#### [Directions]
Could you copy exactly the lines below from the one with "УТВЕРЖДЕНИИ ИНСТРУКЦИИ ПО" to the one with "Members of Team", inclusive, leaving out any pictures?

------ Provided data ------

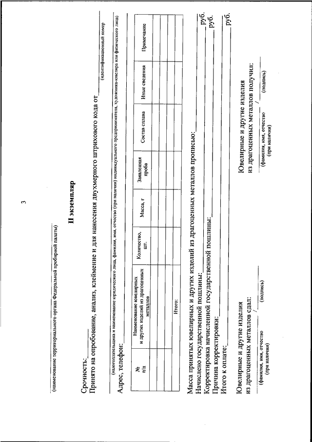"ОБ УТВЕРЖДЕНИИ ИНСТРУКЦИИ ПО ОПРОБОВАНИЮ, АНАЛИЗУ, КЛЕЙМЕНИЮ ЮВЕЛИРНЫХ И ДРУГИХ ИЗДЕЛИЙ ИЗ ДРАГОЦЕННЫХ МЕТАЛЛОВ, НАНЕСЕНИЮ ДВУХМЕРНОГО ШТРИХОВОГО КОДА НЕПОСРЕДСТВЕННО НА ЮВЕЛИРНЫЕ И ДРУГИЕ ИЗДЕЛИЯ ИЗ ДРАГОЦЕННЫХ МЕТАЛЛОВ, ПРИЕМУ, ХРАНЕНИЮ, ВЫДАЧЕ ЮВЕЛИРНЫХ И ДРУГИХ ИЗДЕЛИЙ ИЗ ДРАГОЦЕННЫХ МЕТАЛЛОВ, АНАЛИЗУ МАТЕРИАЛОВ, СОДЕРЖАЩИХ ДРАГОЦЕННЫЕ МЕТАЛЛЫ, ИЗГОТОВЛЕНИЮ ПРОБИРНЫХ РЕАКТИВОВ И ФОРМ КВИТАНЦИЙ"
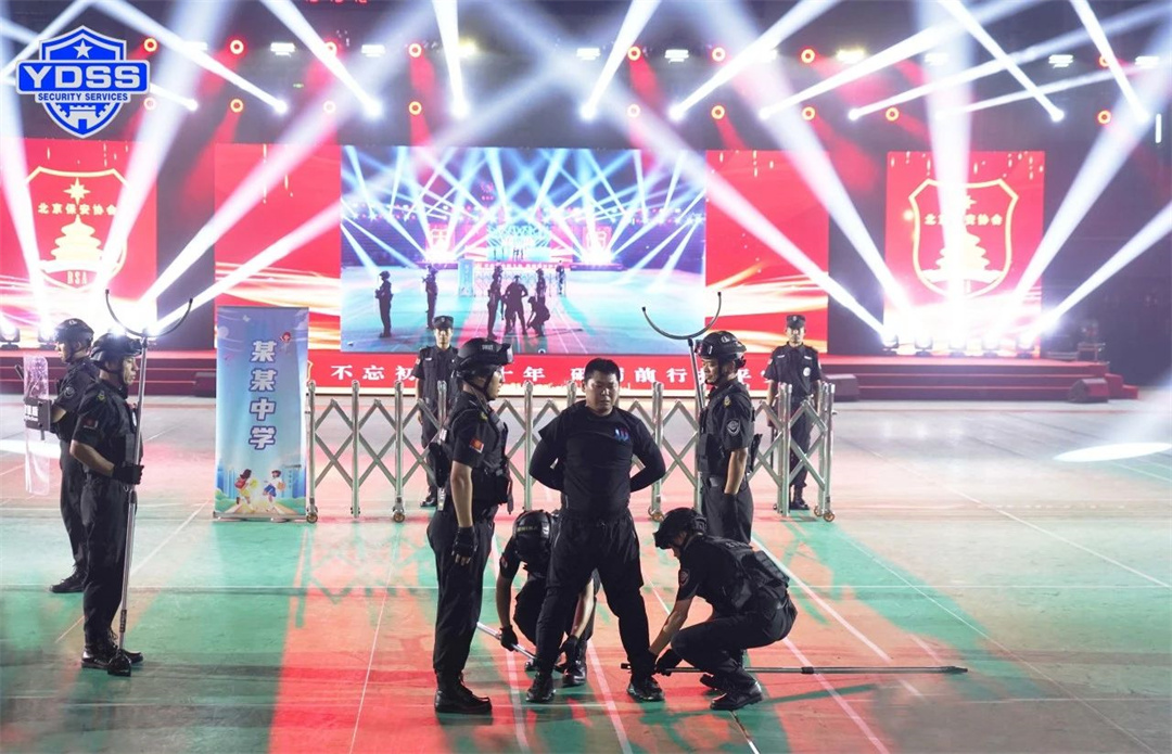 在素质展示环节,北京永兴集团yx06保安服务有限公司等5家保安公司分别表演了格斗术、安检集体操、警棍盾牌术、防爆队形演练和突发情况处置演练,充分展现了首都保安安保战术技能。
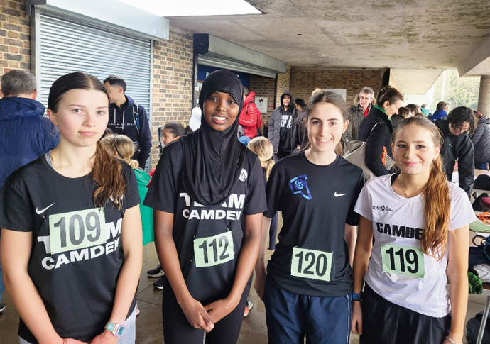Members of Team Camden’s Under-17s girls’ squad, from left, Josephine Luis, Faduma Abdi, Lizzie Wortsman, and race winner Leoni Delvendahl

------
------ Provided data ------

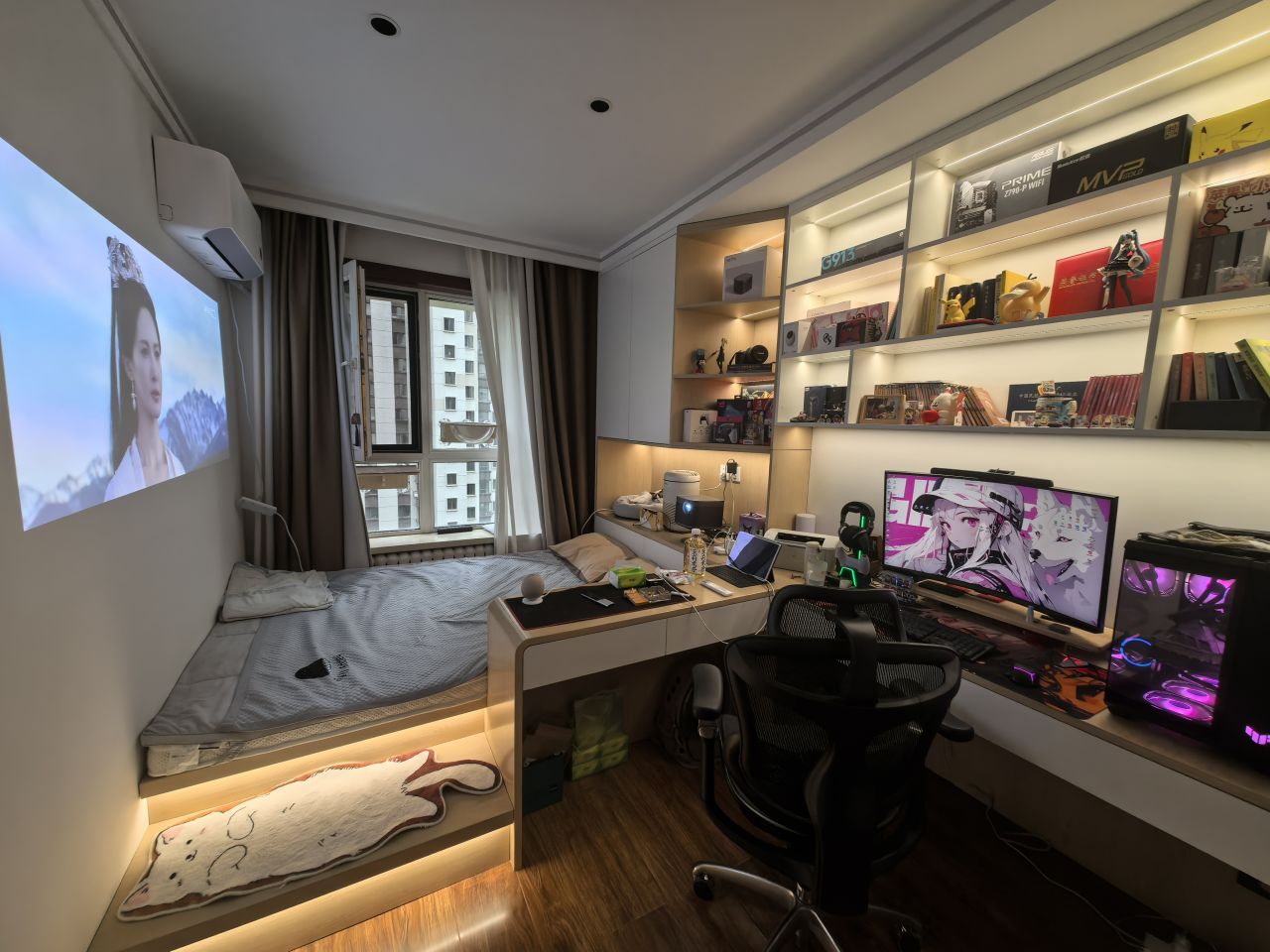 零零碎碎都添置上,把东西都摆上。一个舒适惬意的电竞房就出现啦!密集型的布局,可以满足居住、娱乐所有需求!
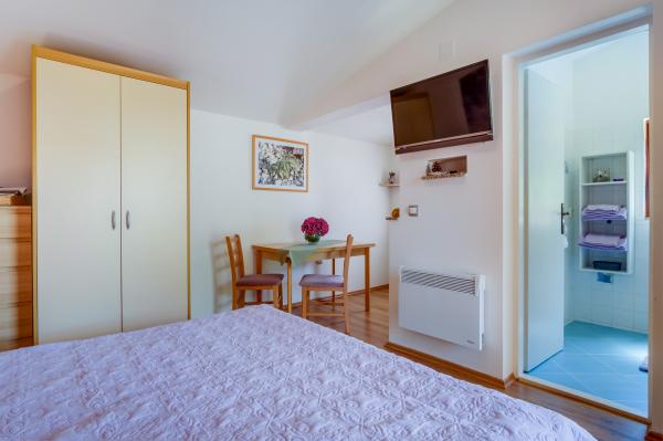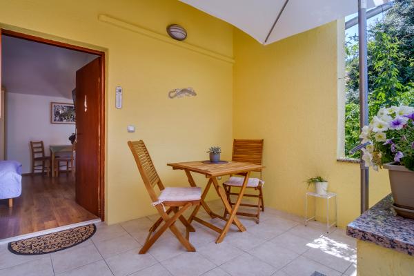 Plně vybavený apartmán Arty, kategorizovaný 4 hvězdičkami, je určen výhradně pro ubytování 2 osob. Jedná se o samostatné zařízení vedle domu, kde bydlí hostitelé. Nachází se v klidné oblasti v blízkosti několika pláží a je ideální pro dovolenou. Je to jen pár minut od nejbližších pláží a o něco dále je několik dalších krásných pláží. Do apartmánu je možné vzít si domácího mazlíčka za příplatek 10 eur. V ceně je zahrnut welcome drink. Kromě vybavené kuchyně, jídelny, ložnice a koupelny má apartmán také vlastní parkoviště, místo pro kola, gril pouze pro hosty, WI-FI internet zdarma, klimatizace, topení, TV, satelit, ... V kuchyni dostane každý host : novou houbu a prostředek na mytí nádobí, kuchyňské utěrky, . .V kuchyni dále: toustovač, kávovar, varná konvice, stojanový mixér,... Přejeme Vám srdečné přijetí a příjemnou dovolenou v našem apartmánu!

------
------ Provided data ------

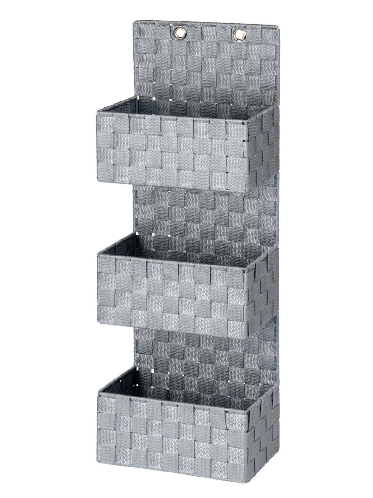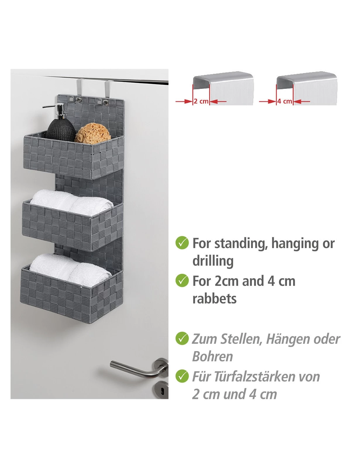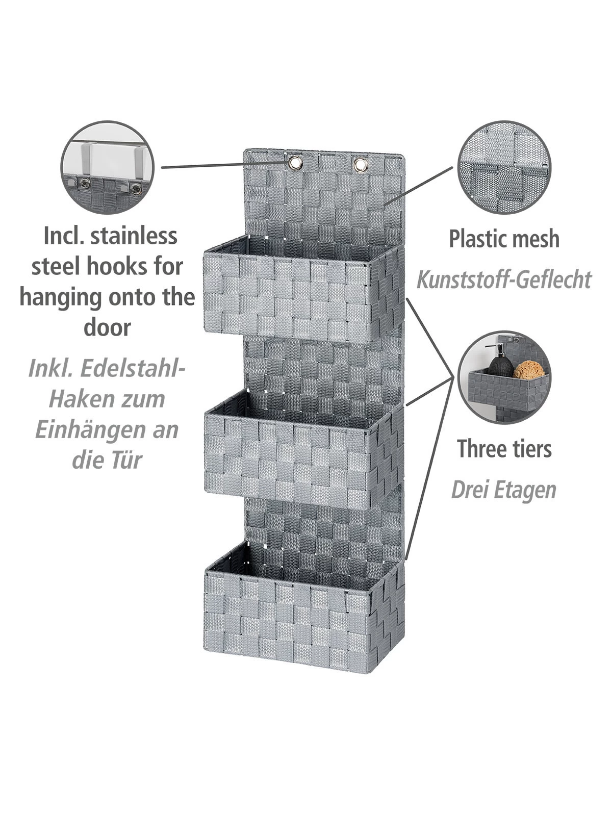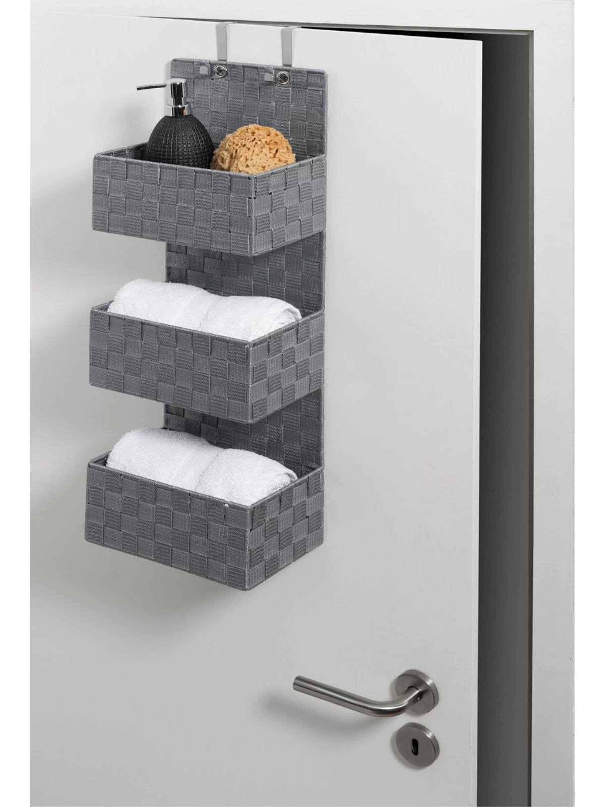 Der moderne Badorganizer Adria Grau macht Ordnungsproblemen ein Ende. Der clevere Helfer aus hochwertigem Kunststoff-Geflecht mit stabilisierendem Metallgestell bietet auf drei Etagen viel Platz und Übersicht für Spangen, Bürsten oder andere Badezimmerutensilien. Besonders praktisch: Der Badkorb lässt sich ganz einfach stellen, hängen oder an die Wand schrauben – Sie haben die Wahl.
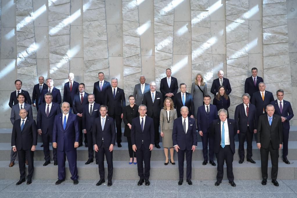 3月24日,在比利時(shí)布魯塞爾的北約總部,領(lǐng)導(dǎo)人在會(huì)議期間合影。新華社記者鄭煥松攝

------

#### [Response]
"ОБ УТВЕРЖДЕНИИ ИНСТРУКЦИИ ПО ОПРОБОВАНИЮ, АНАЛИЗУ, КЛЕЙМЕНИЮ ЮВЕЛИРНЫХ И ДРУГИХ ИЗДЕЛИЙ ИЗ ДРАГОЦЕННЫХ МЕТАЛЛОВ, НАНЕСЕНИЮ ДВУХМЕРНОГО ШТРИХОВОГО КОДА НЕПОСРЕДСТВЕННО НА ЮВЕЛИРНЫЕ И ДРУГИЕ ИЗДЕЛИЯ ИЗ ДРАГОЦЕННЫХ МЕТАЛЛОВ, ПРИЕМУ, ХРАНЕНИЮ, ВЫДАЧЕ ЮВЕЛИРНЫХ И ДРУГИХ ИЗДЕЛИЙ ИЗ ДРАГОЦЕННЫХ МЕТАЛЛОВ, АНАЛИЗУ МАТЕРИАЛОВ, СОДЕРЖАЩИХ ДРАГОЦЕННЫЕ МЕТАЛЛЫ, ИЗГОТОВЛЕНИЮ ПРОБИРНЫХ РЕАКТИВОВ И ФОРМ КВИТАНЦИЙ"
 在素质展示环节,北京永兴集团yx06保安服务有限公司等5家保安公司分别表演了格斗术、安检集体操、警棍盾牌术、防爆队形演练和突发情况处置演练,充分展现了首都保安安保战术技能。
Members of Team Camden’s Under-17s girls’ squad, from left, Josephine Luis, Faduma Abdi, Lizzie Wortsman, and race winner Leoni Delvendahl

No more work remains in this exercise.